– Пойду я, пожалуй, прогуляюсь… Всё было очень вкусно. Спасибо. – Виктор обнял за плечи подошедшую к столу Устинью. Та, застеснявшись, с благодарностью коротко чмокнула его в щёку.

– Ладно, развейся. Мы закроемся на крючок, а ты, как придёшь, стукни в стенку пару раз. ЛадЫ? – Афанасий и Устинья, проводив гостя до калитки, ещё некоторое время смотрели ему вслед, пока тот не растворился в густом сосняке, окружающем сельский клуб.

Проходя по обезлюдившему окунувшемуся в вечерние сумерки парку, Виктор впервые за минувших два года был спокоен. Долгий пресс переживаний сиротства наконец-то перестал сжимать сердце. И, как тяжело больной, оправившийся от изматывающего тело недуга, наш герой чувствовал лёгкое головокружение, вдыхал с долгой задержкой ароматы, словно в хороводе обвивающие его, – родные ни с чем не сравнимые запахи сосновых майских иголок и зарождающихся на мощных ветвях молодых зелёных шишек.

На улице Центральной у лесопунктовской конторы Виктор разглядел сидящую на пачке ошкуренных столбиков небольшую фигурку человека с гармошкой. Пьяненький заплетающимися пальцами пытался выводить «Когда б имел златые горы».

– Здорово, дядя Миша! Не признал? – Тот откинул слегка наклоненную голову к забору.

– Это же я, Витя, Афанасия Кушнирова сын! Ну, узнал?

Миниатюрное цвета печёного яблока лицо, испещрённое мелкими паутинками-морщинами, засияло в широкой улыбке. Полутусклая лампочка на столбе осветила ровную гребёнку верхних железных зубов.

– Витька, сынок! – Сдёрнув с щупленьких плеч гармонь, дядя Миша ткнулся головой в грудь присевшему рядом Виктору. Дыхнув плотным перегаром, шибко расчувствовавшийся, попытался облобызать нежданного собеседника.

– Ты молодец! Папку не забываешь! Приехал… А батя у тебя – во! Мужик что надо! А играет-то как! Не то, что я… «ты-на, ты-на у Мартына что-то там болтается». А ты-то не забыл гармошку? С отцом, небось, рванули переборы?

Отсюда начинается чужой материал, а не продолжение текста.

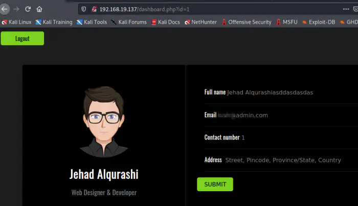 On the dashboard URL, we see a GET parameter “id”. When we change its value, we can observe changes in the page as well.

– Было дело… Пробежались маленько, – Виктор дружелюбно похлопал по плечу этого маленького человека.

– А вы-то как с тётей Дусей?

– Ушла Евдокия… Вслед за мамой твоей ушла, – дядя Миша коротко всхлипнул и полез во внутренний карман мятого с драным локтём пиджачка. Вынув ополовиненный шкалик «Московской» и звучно выдернув зубами газетную затычку, протянул Виктору.

– Давай, сынок, помянем наших мамок… Тяжко одному. Ох, тяжко… Давай ты – первый, а я потом… – Виктор коротко выдохнул и сделал большой глоток. Занюхав тыльной частью ладошки, протянул остатки дяде Мише. Опорожнив чекушку, тот катнул её ногой в канаву. Закурили.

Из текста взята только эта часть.